Various authors have reported having the strong impression that many songs had been formed through the recombination of portions of other songs ([1, 14,16,18]). Tracy and Baker  speculate that "birds may be memorizing song components (syllables or phrases) that are strung together into complete songs at a later time" and Pytte , in relating the work of Bitterbaum and Baptista , explains that "juveniles learn individual syllables as units, which they segregate and recombine independently during song production."

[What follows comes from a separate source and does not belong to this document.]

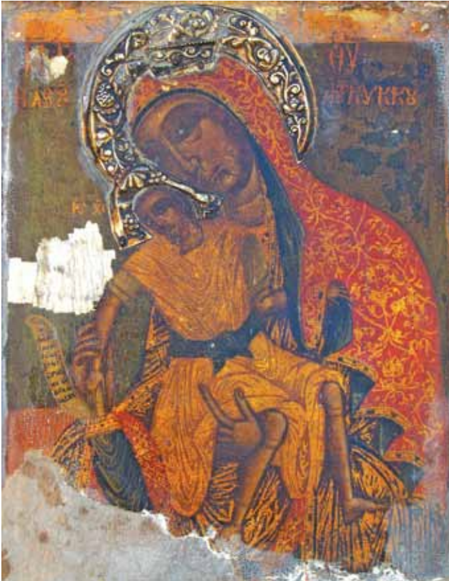
Сл. 11. икона Бо̀ородица Елеуса - Кикоска, црква Св. Аѿанасиј с. Ја̀гол Доленци, вѝора ѿоловина на XVIII век.
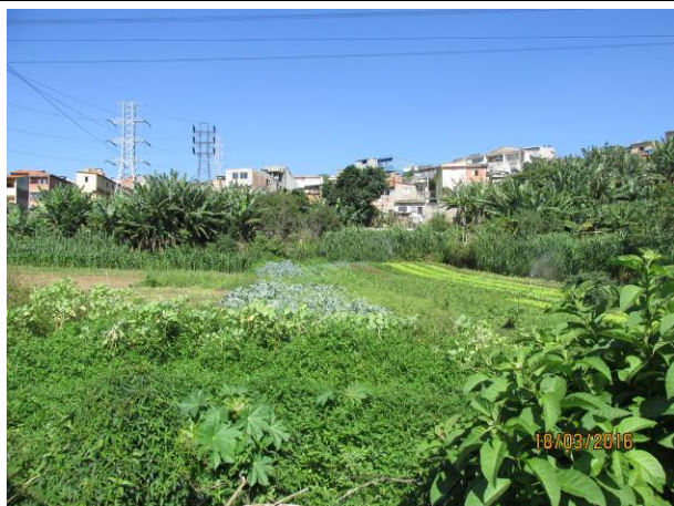
Foto 19: Detalhe do hortifrutigranjeiro instalado como comodato na faixa de segurança da LTA Henry Borden.

However, these statements apparently refer only to subsong production by juveniles. As Lynch and Baker  stated more explicitly regarding recombination of song elements in the Chaffinch (Fringilla coelebs), "As song development proceeds, songs become less variable; by the time they reach 'crystallization,' they are highly stereotyped, and hybrid songs tend to disappear from the birds' repertoire."
Smith , on the other hand, offered the following intriguing proposal: "It is possible that house finches do not even choose songs or song elements, but choose a model(s) to imitate. Variation would then come from the 'mutations' of the model." Although he provides no further elaboration on the type of model that he has in mind, the fact that his work involves the construction of Markov chains from House Finch songs is highly suggestive; Markov chains are a simple form of grammar model [note 4]. However, Smith's models were inferred not from the songs of individual birds, but from the songs of all the birds in the local population in a given year, so it is not clear that these models are intended to describe anything other than the overall structure of the local dialect. Furthermore, the models were inferred in a highly subjective way; phrases do not appear to have been selected systematically, and "hybrid" phrases were excluded from the model.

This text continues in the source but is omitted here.